Somewhat serendipitously, Salk Institute researchers discovered that depleting the microbiomes of mice causes the animals to have lower levels of blood glucose as well as improved insulin sensitivity .
Antibiotic-induced microbiome depletion (AIMD) has been used frequently to study the role of the gut microbiome in pathological conditions. However, unlike germ-free mice, the effects of AIMD on host metabolism remain incompletely understood. Here we show the effects of AIMD to elucidate its effects on gut homeostasis, luminal signaling, and metabolism. We demonstrate that AIMD, which decreases luminal Firmicutes and Bacteroidetes species, decreases baseline serum glucose levels, reduces glucose surge in a tolerance test, and improves insulin sensitivity without altering adiposity.
These changes occur in the setting of decreased luminal short-chain fatty acids (SCFAs), especially butyrate, and the secondary bile acid pool, which affects whole-body bile acid metabolism. In mice, AIMD alters cecal gene expression and gut glucagon-like peptide 1 signaling. Extensive tissue remodeling and decreased availability of SCFAs shift colonocyte metabolism toward glucose utilization. We suggest that AIMD alters glucose homeostasis by potentially shifting colonocyte energy utilization from SCFAs to glucose.
The human condo
Microbiomes are communities of microorganisms living in and on plants and animals; they may be in symbiotic relationships with their hosts, but they may be pathogenic as well. In humans, estimates about the ratio of microorganisms to human cells vary, with older estimates being as high as 10 to 1 and more recent ones as low as 1 to 1. These organisms inhabit different parts of the body, and, as they co-evolved with us, many have several crucial functions. Gut microbiota in particular are important for extracting energy from food, and they are thought to have a role in aging as well.
An accidental discovery
The original scope of the Salk study wasn’t related to glucose or insulin sensitivity; rather, the researchers had set out to discover what happens to the circadian rhythm of murine metabolism when the microbiome is depleted. Normally, to carry out an experiment like this, mice are raised in a germ-free environment, but as Salk researchers didn’t have access to such mice, they depleted the gut microbiota of lab mice using antibiotics.
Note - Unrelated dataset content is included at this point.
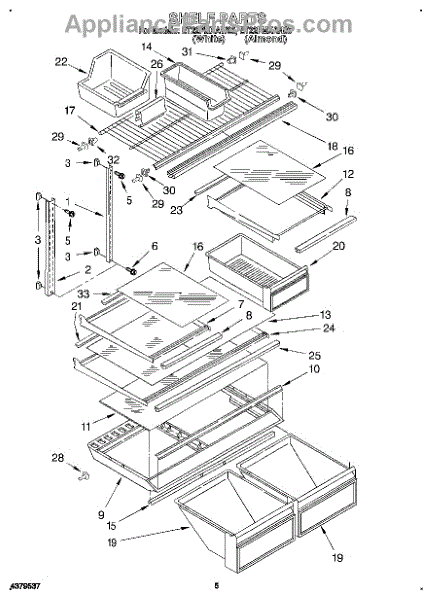 Parts for Whirlpool ET22PMXAW00: 04 - Shelf Parts

The researchers made use of four different antibiotics, which predictably resulted in a severe depletion of the animals’ microbiomes. What came out as much more surprising was that the mice became able to clear glucose from their blood at a much faster rate than normal and had higher insulin sensitivity. As the researchers found out, the size of the mice’s colons had significantly increased as a consequence of the depletion, and the colon cells were absorbing a high amount of their blood glucose.
It appears that the depletion of the gut microbiome produced changes in the liver function of the mice, including the bile acids secreted by the liver. The increased insulin sensitivity and decreased blood glucose levels happened without any changes to the body fat composition of the animals or to their diet. These benefits are basically what type 2 diabetes patients aim for, but the researchers certainly don’t suggest that such patients should kill off their gut microbiomes in order to reverse the disease.
However, the discovery that microbiota can be manipulated in order to increase insulin sensitivity is intriguing; Salk researchers think that it might be possible to find out what components of the microbiome are responsible for this change and use them to induce better glucose regulation in humans.
 Zarrinpar, A., Chaix, A., Xu, Z. Z., Chang, M. W., Marotz, C. A., Saghatelian, A., … & Panda, S. (2018). Antibiotic-induced microbiome depletion alters metabolic homeostasis by affecting gut signaling and colonic metabolism. Nature Communications, 9(1), 2872.